A more elegant way of creating the nets in pytorch?

deepbrain · January 6, 2018, 9:21pm

pytorch lets you create the nets in a more dynamic way. With the current code, one needs to define the sub-modules or their weights in the init call of the class and use them later in the forward call. This creates two separate pieces of code that one needs to change if the structure of the net is changed. Ideally I want a single line of code that both declares all needed structures and uses them for computations. This could be easy to implement by creating wrappers around the existing classes and the new code would be easier to read and manage. The idea is very simple and three classes below illustrate it:

# The standard way of doing things now in pytorch examples:
class TestNet(nn.Module):
    def __init__(self):
        super(TestNet, self).__init__()
        self.net1 = nn.Linear(100, 200)
        self.net2 = nn.Linear(200, 1)
        self.sigmoid = nn.Sigmoid()
        self.ReLU = nn.ReLU(inplace=False)
        self.drop = nn.Dropout(0.5)
    def forward(self, V):
        return self.sigmoid(self.net2(self.drop(self.ReLU(self.net1(V))))).squeeze()

what I don’t like in the standard way of doing things is that if I change the net, I need to adjust the init call to match the forward call manually, taking into account the net sizes and structures, which is inconvenient and error prone in case of bigger networks.

So, I create my nets in a more dynamic way, where both the structure and the computation is defined in the same place - the forward call, while passing a sample of data to the init call. I then call the forward from the init so the net is easily created with layers that match the input sizes or perhaps more complex submodules:

class DynamicTestNet(nn.Module):
    def __init__(self, datasample):
        super(DynamicTestNet, self).__init__()
        self.ml = nn.ModuleList()
        self.Make = True
        self.forward(datasample)
        self.Make = False

    def forward(self, V):
# notice that this whole block of code that creates the nets can be hidden from the user with small API changes        
        self.mlindex = 0
        if self.Make: # when this is called from the init call, we create the net based on the sizes of the data sample and intermediate reults
            self.ml.append(nn.Linear(V.size(1), 200))
            self.ml.append(nn.ReLU(inplace=False))
            self.ml.append(nn.Dropout(0.5))
        net1 = self.ml[self.mlindex]
        self.mlindex += 1
        ReLU = self.ml[self.mlindex]
        self.mlindex += 1
        drop = self.ml[self.mlindex]
# end of net creation block
           
        result = drop(ReLU(net1(V))))

#another subnet creation block that can be hidden        
        if self.Make:
            self.ml.append(nn.Linear(result.size(1), 1))
            self.ml.append(nn.Sigmoid())
        net2 = self.ml[self.mlindex]
        self.mlindex += 1
        sigmoid = self.ml[self.mlindex]
        self.mlindex += 1
# end        

        return sigmoid(net2(result)).squeeze()

While it looks like this second dynamic net is using more code, it is actually more convenient and manageable way of doing things for big nets that change their structure often and need to adapt to new types of data.

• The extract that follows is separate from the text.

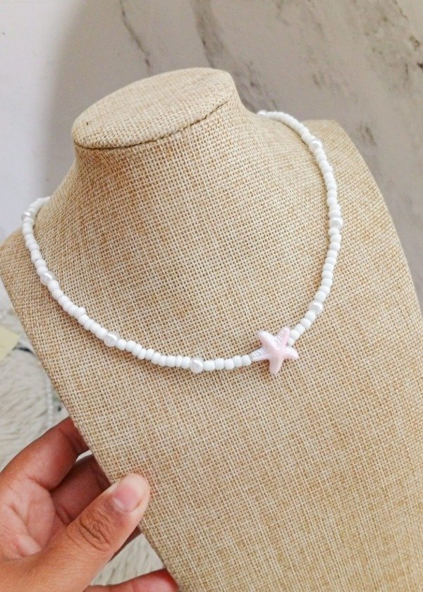 Collar con perlas y dijes verano, medida 40cm

The idea: we could reduce the amount of the extra code, if we had another subclasses/wrappers of nn classes called “autonet” that removes the need for the extra code in the DynamicTestNet class. The “autonet” would do the net memorization/creation/autosizing task for us, so its init call has a new parameter - AutoCreate:

import torch.autonet as ann

class DynamicTestNet(ann.Module):
def __init__(self, datasample):
    super(TestNet, self).__init__(AutoCreate = True, datasample) # here it just calls the forward call with the datasample and remembers all of the nets created in the hidden ml list as illustrated in the class above
    
def forward(self, V):
    result = ann.sigmoid(ann.Linear(ann.Dropout(0.5, ann.ReLU(ann.Linear(V, 200)))))

notice that now we have far fewer lines than in the original TestNet class. When the “forward” is called from the “init” call, it would create the hidden modulelist ml as in the dynamic example above, initialize/create each sub-module of the net in such a way as to match the output size of the previous layer and remember them in the internal ml list automatically. In subsequent “forward” calls it would just use the ann.* submodules created before from the hidden ml list.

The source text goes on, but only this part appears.